Не зная, что отвечать, он машинально ковырял палочками рыбу. Она давно утратила всякую форму и превратилась в белое крошево. Он ворошил концами палочек собственную душу. Тамиэ замолчала. Он ощущал на себе ее пылающий взгляд.
— Я тебе столько всего наговорила, а ты даже ответить не можешь как следует.
— Что ж отвечать, ты все правильно сказала, — подавленно отозвался он.
— Да неправильно! Неправильно! — горько воскликнула Тамиэ. — Почему ты не сердишься? Я хочу, чтобы ты рассердился на меня. Ну рассердись же!
Он посмотрел на Тамиэ. Она отвернулась и встала.
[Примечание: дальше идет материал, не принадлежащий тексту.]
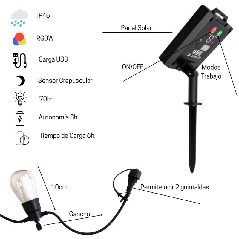 Guirnalda decorativa formada por una cadena de 5m (+3m extensión) con 10 luces LED, simulando bombillas pebeteros transparentes. Sus luces son un LED RGB de muy bajo consumo accionadas por mando a distancia. Se pueden iluminar en colores fijos, en luz blanca o en varios efectos de luces. Iluminación de decoración, para crear una atmósfera mágica. Carga solar, alimentada por una placa solar, orientable 180º para controlar mejor la carga. Con un estoque para clavar al suelo.
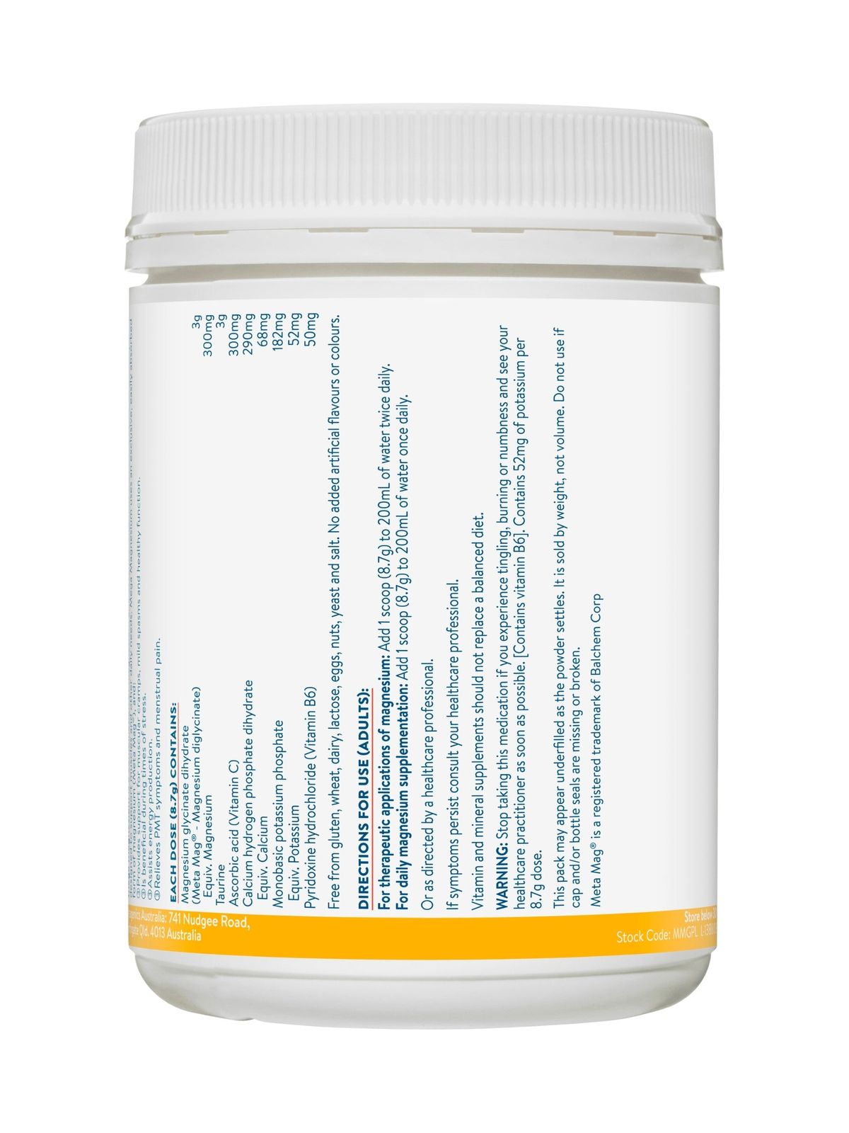 For daily magnesium supplementation: Add 1 scoop (8.7g) to 200mL of water once daily.
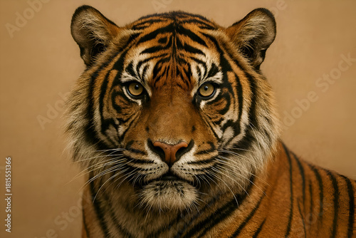 A powerful close-up portrait of a Sumatran tiger with intense eyes.
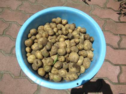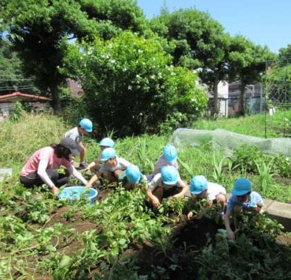 年長ほし組さんが、ジャガイモほりをしました。大きなジャガイモ、小さなジャガイモ、たくさん収穫できました。
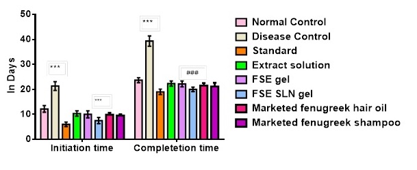 Fig. 1: Hair growth initiation and completion of rats at different times after beginning the treatment of standard, extract solution, FSE gel, FSE SLN gel, Marketed fenugreek hair oil and marketed fenugreek shampoo. Results were showed as mean standard deviation (SD). (*** P<0.001, ### P<0.001), compared with normal control (n=6)
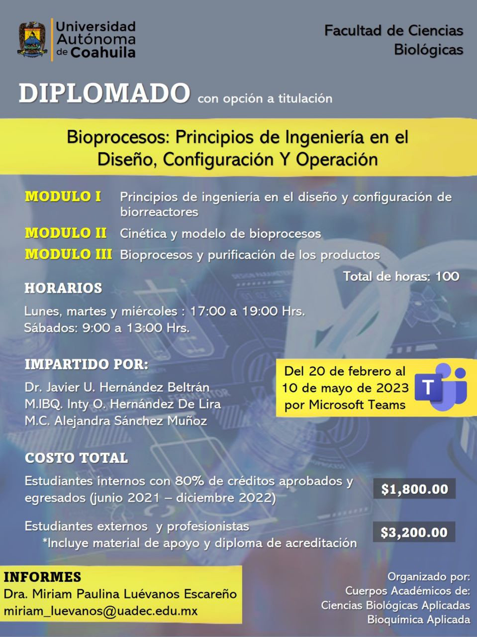 El Curso que es organizado por los Cuerpos Académicos de Ciencias Biológicas Aplicadas y Bioquímica Aplicada iniciará el 20 de febrero y concluye el 10 de mayo de 2023, se impartirá por la plataforma Microsoft Teams y además será una opción de titulación para los alumnos de la Facultad de Ciencias Biológicas.
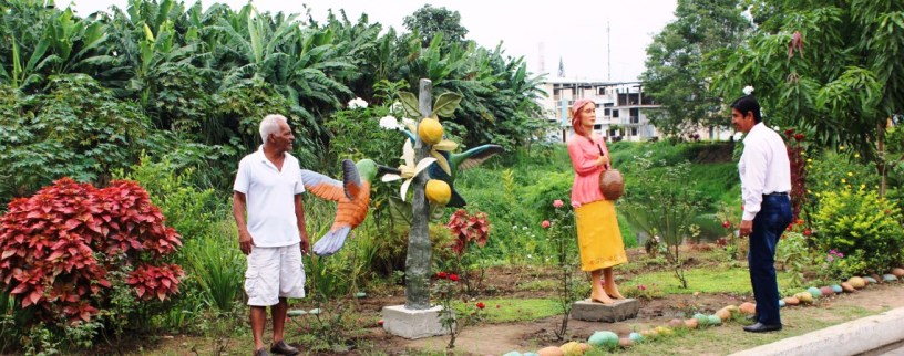 Las esculturas representan a estas tradiciones: la Leyenda del Colibrí, posado en un árbol de naranjas, símbolo de Chone como tierra de los “naranjos en flor”; la comadrona, preparando la bebida que se brindaba a las mujeres antes de dar a luz, para forjar la valentía en los hombres y la hermosura en las mujeres. Además, la iguana, como especie autóctona del sector; y, el caballo, medio de transporte tradicional del campesino manabita.
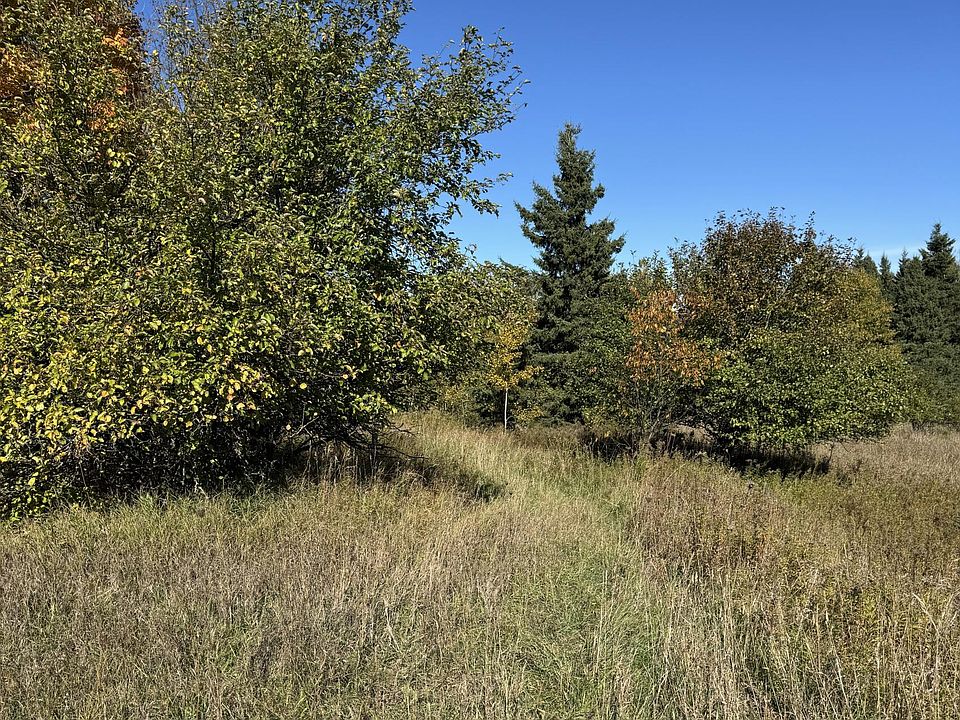 " Food Sources: Abundant apple trees are scattered throughout, providing a natural, high-value food source that deer can't resist, complemented by a mix of young and old aspen stands.

— Пьяная я совсем. Задаваться начала. Пойду на работу. А то еще что-нибудь наговорю.
— Наговори. Ты все правильно говоришь.
Она молча надела пальто.
«— Наверно, больше не придет, — подумал он. Они жили вместе так мало, но так хорошо. Неужели он ее теряет?»
— Когда ты придешь?
— Не знаю.
— Я буду ждать.
Подойдя к двери, она взглянула на него.
— Сегодня приходил Кэндзи. Незадолго до того, как ты вернулся.
— Кэндзи?
— Увидел меня и страшно удивился. Спросил, что я здесь делаю. Я сказала, что живу с тобой.
— Тогда он оглядел всю комнату, мрачно так, и тут же ушел. Хлопнул дверью.
Так вот что произошло. Вот почему Тамиэ так рано принялась за виски. Ему нетрудно было представить себе, как изумился брат, когда обнаружил здесь Тамиэ. Он просто видел, какое у него было выражение лица, когда он с ней столкнулся.
— Сказал он что-нибудь?
— Ничего. Но я сразу поняла, что он думает.
— Ладно, бог с ним. Не касается его, что у нас с тобой.
Тамиэ насмешливо улыбнулась:
— Это верно. Не касается.
Она повернулась и вышла из комнаты. Ее слова еще долго звучали в углах комнаты насмешливым эхом.
V
В этот вечер Тамиэ не вернулась. На следующий день, едва закончив работу, он поспешил домой, но в комнате все было так же, как утром. Он рухнул на стул и опустил голову. Уже стемнело, а он все сидел в той же позе.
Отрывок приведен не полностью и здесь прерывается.